**WHAT IS BEING ASKED**: Look below for the line with "[뉴스서치] 파주시는 26일" and the line with "根据CME美联储利率观察工具". Copy exactly those two lines and every line between, but not the pictures.

**INFORMATION**:

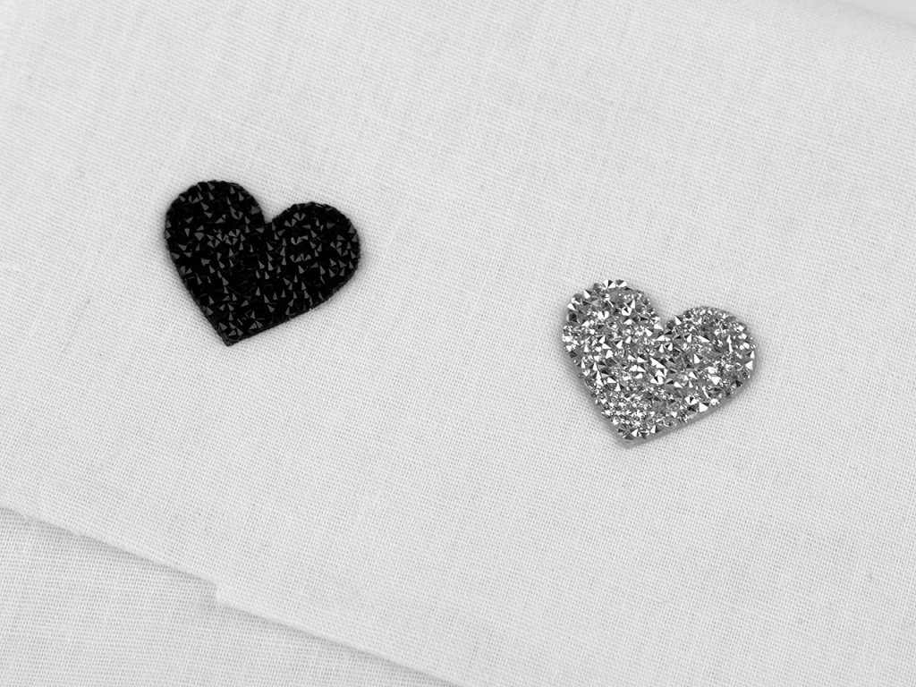Nažehlovačka srdce s broušenými kamínky okamžitě přidá lesk a eleganci vašemu oblečení. Ušetří plno práce při zdobení oděvů, snadno se aplikuje na různé typy textilu pomocí žehličky. Jejím základem je lepící vrstva, která po nažehlení pevně drží na oděvu. Pozor, nažehlováním při vysoké teplotě se jemnější látka může spálit!
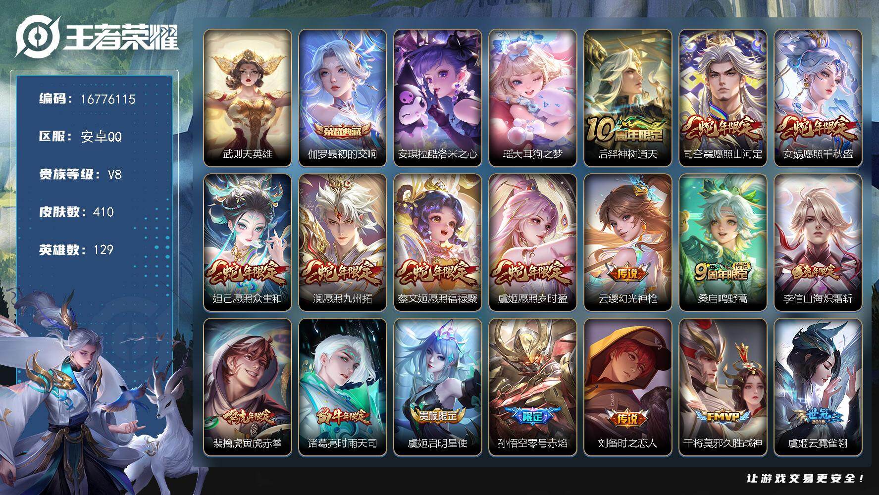 【16776115】安卓Q-V8-最强王者段位-129英雄-410皮肤-1典藏
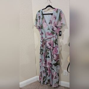 Embrace elegance with this stunning floral wrap maxi dress. Featuring a beautiful blend of light blue, pink and green hues. The flowing design and delicate pattern add a touch of sophistication to your wardrobe.
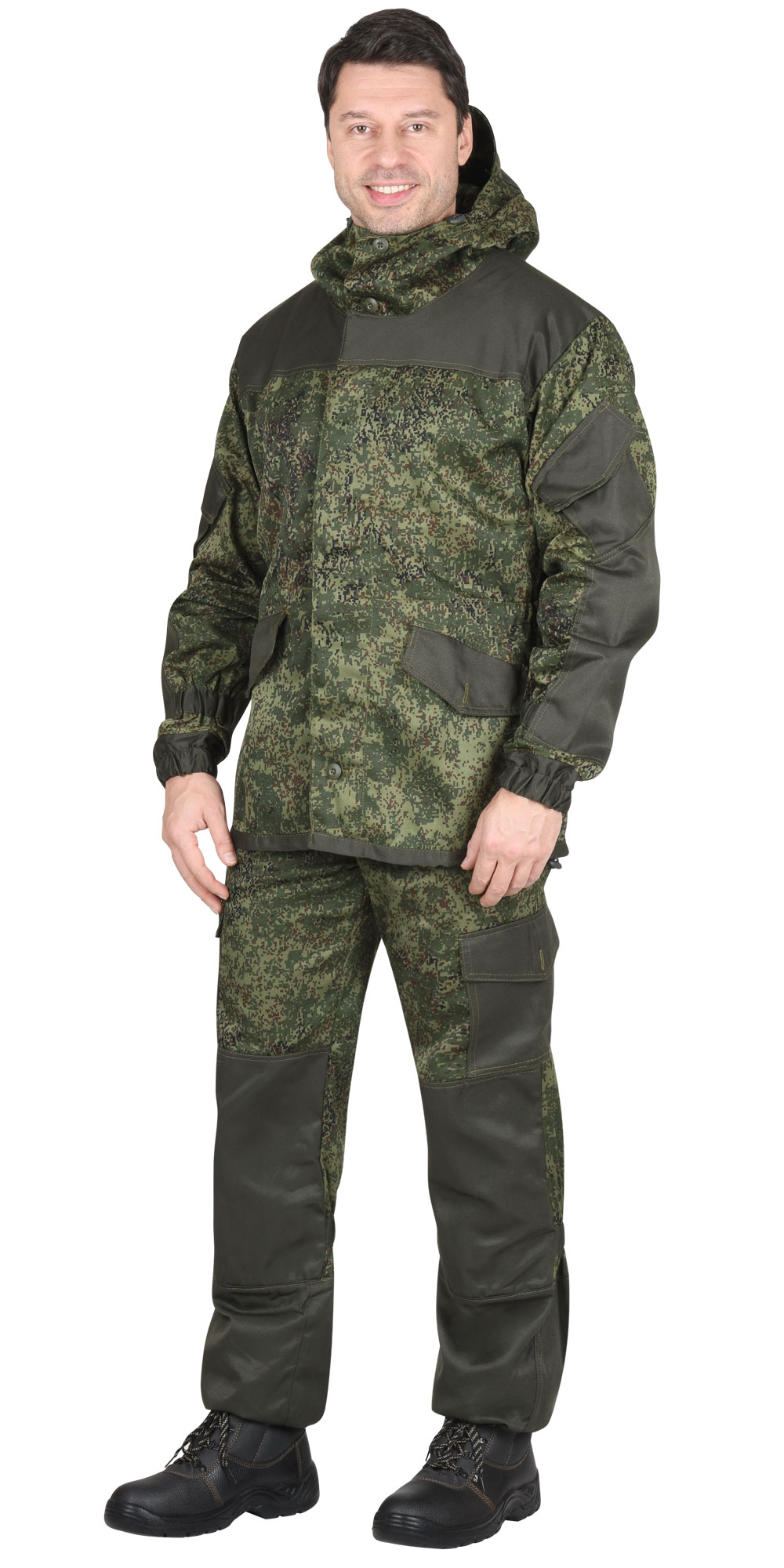 Ткань: «КМФ»: 50% п/э, 50% х/б. Куртка удлиненная прямого силуэта, с супатной застежкой на пуговицы, с втачным капюшоном с козырьком, с усилительными накладками, с прорезными карманами листочка и фигурными клапанами на пуговицу, с внутренним карманом. Рукава с накладными полуобъёмными карманами и фигурными клапанами застегивающиеся на липучку, с налокотниками, с манжетами частично стянутыми резинкой. Куртка по линии талии частично стянута резинкой по бокам, по низу куртка регулируется шнуром. Брюки прямого силуэта, с пристёгивающимися помочами (подтяжки), с гульфиком застегивающимся на пуговицы, с цельнокроеным поясом, частично стянутым резинкой и застегивающимся на пуговицу, с разными многофункциональными карманами. С усилительными накладками, низ брюк на резинке. Брюки с пуфтами на завязках. ГОСТ 25295- 2003.
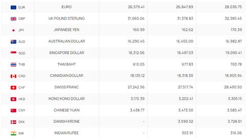 Tại Ngân hàng HSBC, tỷ giá Yen Nhật giảm 0,67 đồng ở chiều mua và giảm 0,69 đồng ở chiều bán, lần lượt ở mức 158,36 VND/JPY và 165,11 VND/JPY.
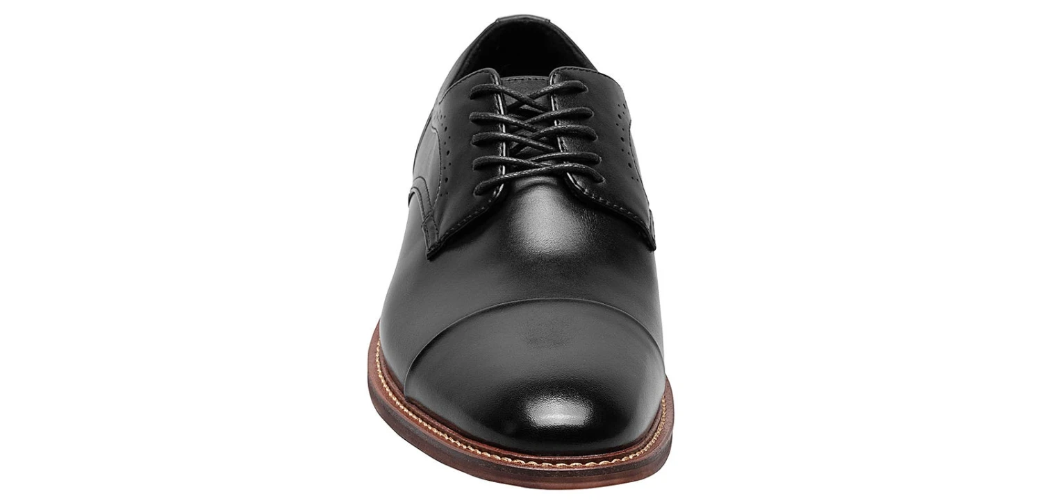 A style for every season and every reason, the Stacy Adams Maddox Cap Toe Oxford is a shoe every man should own. Sleek and elegant, the simple cap toe, perforated details, and stacked heel give it a versatile look that is easily dressed up or down.
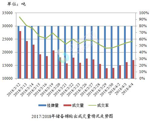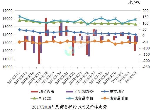 4月4日儲(chǔ)備棉輪出銷售資源30002.18噸,實(shí)際成交16997.928噸,成交率56.66%。平均成交價(jià)格14035元/噸(較前一日下跌120元/噸);折3128價(jià)格15349元/噸(較前一日下跌49元/噸)。
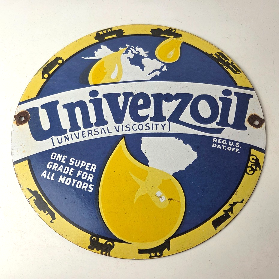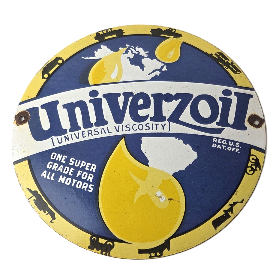 Vintage Univerzoil Gasoline Porcelain Sign.
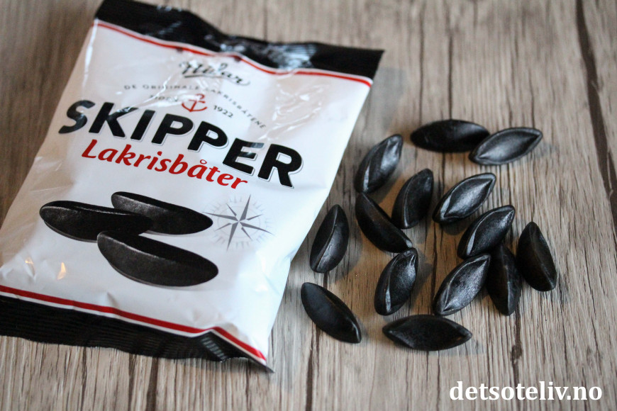 ♥ Til lakrisgeléen har jeg brukt lakrisbåter fra Nidar. Du trenger 2 poser til denne oppskriften.
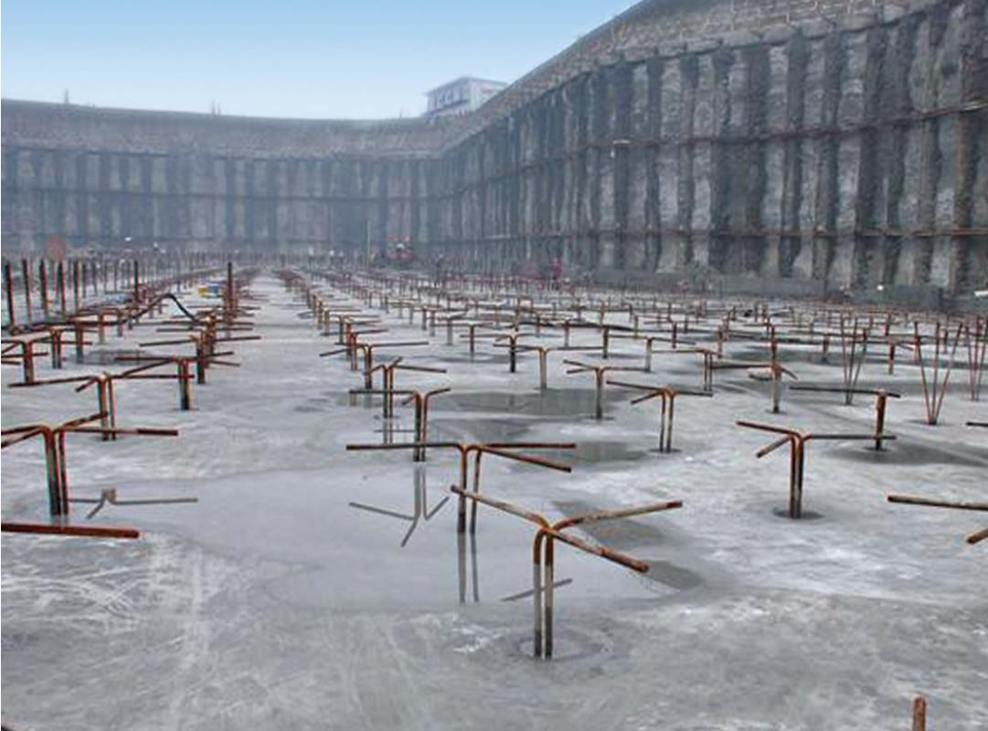 濟南市聚隆廣場基坑支護:抗浮錨桿,樁徑150mm,樁長12m,成樁7300余顆。
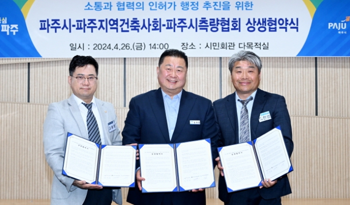[뉴스서치] 파주시는 26일 파주지역 건축사회, 파주시 측량협회와 함께 ‘2024 소통과 협력의 인허가 행정 추진을 위한 상생협약식’을 개최했다.
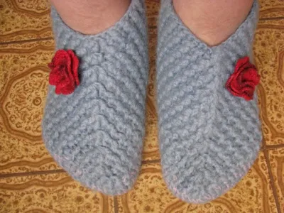Так как ниточки с шерстью, тапочки получились очень теплые, мой ревматизм в них утихает! Украсила тапочки розочками.
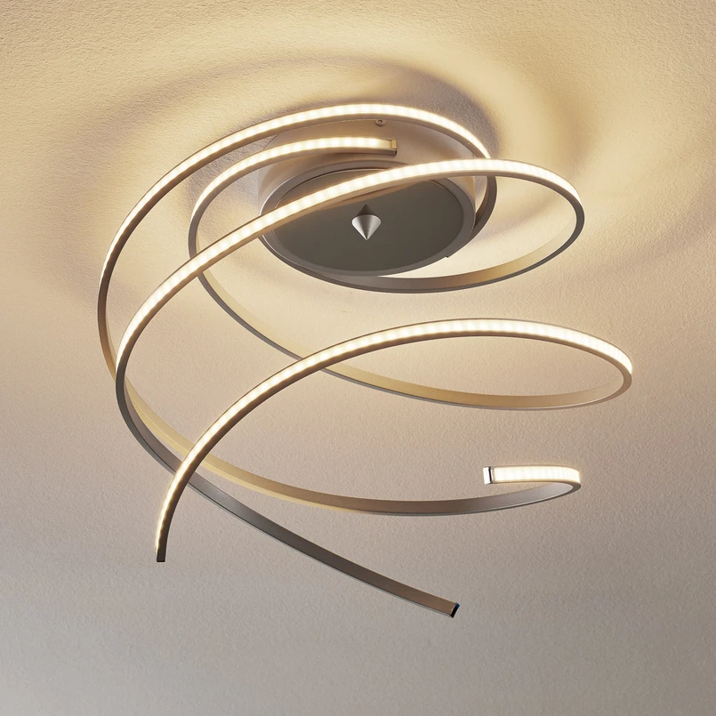Elegantiškai lenktas "Lungo" LED lubinis šviestuvas Modernus lenkto dizaino "Lungo" LED lubinis šviestuvas yra tikras bet kurio kambario akcentas. Integruoti energiją taupantys šviesos diodai švelniai apšviečia aplinką maloniu šiltos baltos spalvos tonu ir tolygiai šviečia į gyvenamąją erdvę be atspindžių. Nesvarbu, ar lubinis šviestuvas naudojamas svetainėje, prieškambaryje, ar miegamajame, jo moderni išvaizda ir efektyvi LED technologija tikrai padarys įspūdį bet kuriuo metu. Lungo LED lubinį šviestuvą galima reguliuoti tik naudojant pridedamą nuotolinio valdymo pultelį.
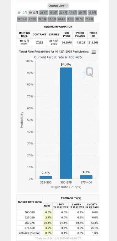 根据CME美联储利率观察工具,12月降息的概率从数据公布前的约91.1%增至94.4%,而下周降息的概率仍高于95%。
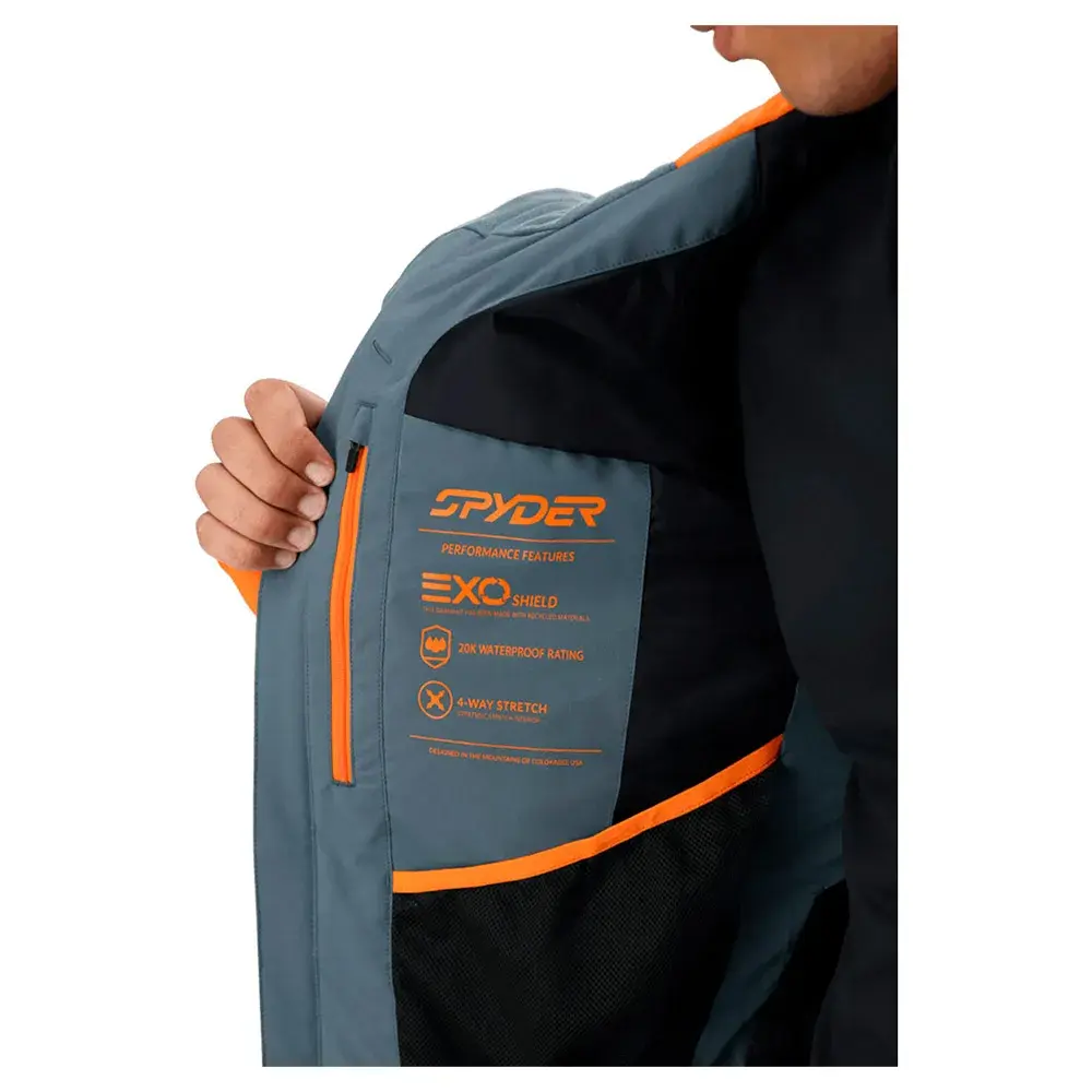 Она изготовлена из ткани EXO SHIELD 20K, растягивающейся в 4 стороны, с утеплителем SoronaВ (80 грамм) и молниями YKKВ AquaGuardВ, а также имеет множество премиальных функций Spyder.
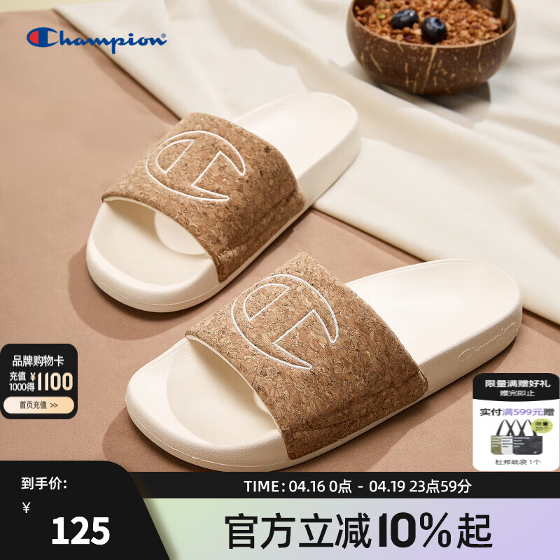 Champion冠军SlideC拖鞋24春夏季新款时尚一字拖沙滩鞋平跟男女 浅卡 44

**COMPLETED EXERCISE**:
[뉴스서치] 파주시는 26일 파주지역 건축사회, 파주시 측량협회와 함께 ‘2024 소통과 협력의 인허가 행정 추진을 위한 상생협약식’을 개최했다.
Так как ниточки с шерстью, тапочки получились очень теплые, мой ревматизм в них утихает! Украсила тапочки розочками.
Elegantiškai lenktas "Lungo" LED lubinis šviestuvas Modernus lenkto dizaino "Lungo" LED lubinis šviestuvas yra tikras bet kurio kambario akcentas. Integruoti energiją taupantys šviesos diodai švelniai apšviečia aplinką maloniu šiltos baltos spalvos tonu ir tolygiai šviečia į gyvenamąją erdvę be atspindžių. Nesvarbu, ar lubinis šviestuvas naudojamas svetainėje, prieškambaryje, ar miegamajame, jo moderni išvaizda ir efektyvi LED technologija tikrai padarys įspūdį bet kuriuo metu. Lungo LED lubinį šviestuvą galima reguliuoti tik naudojant pridedamą nuotolinio valdymo pultelį.
 根据CME美联储利率观察工具,12月降息的概率从数据公布前的约91.1%增至94.4%,而下周降息的概率仍高于95%。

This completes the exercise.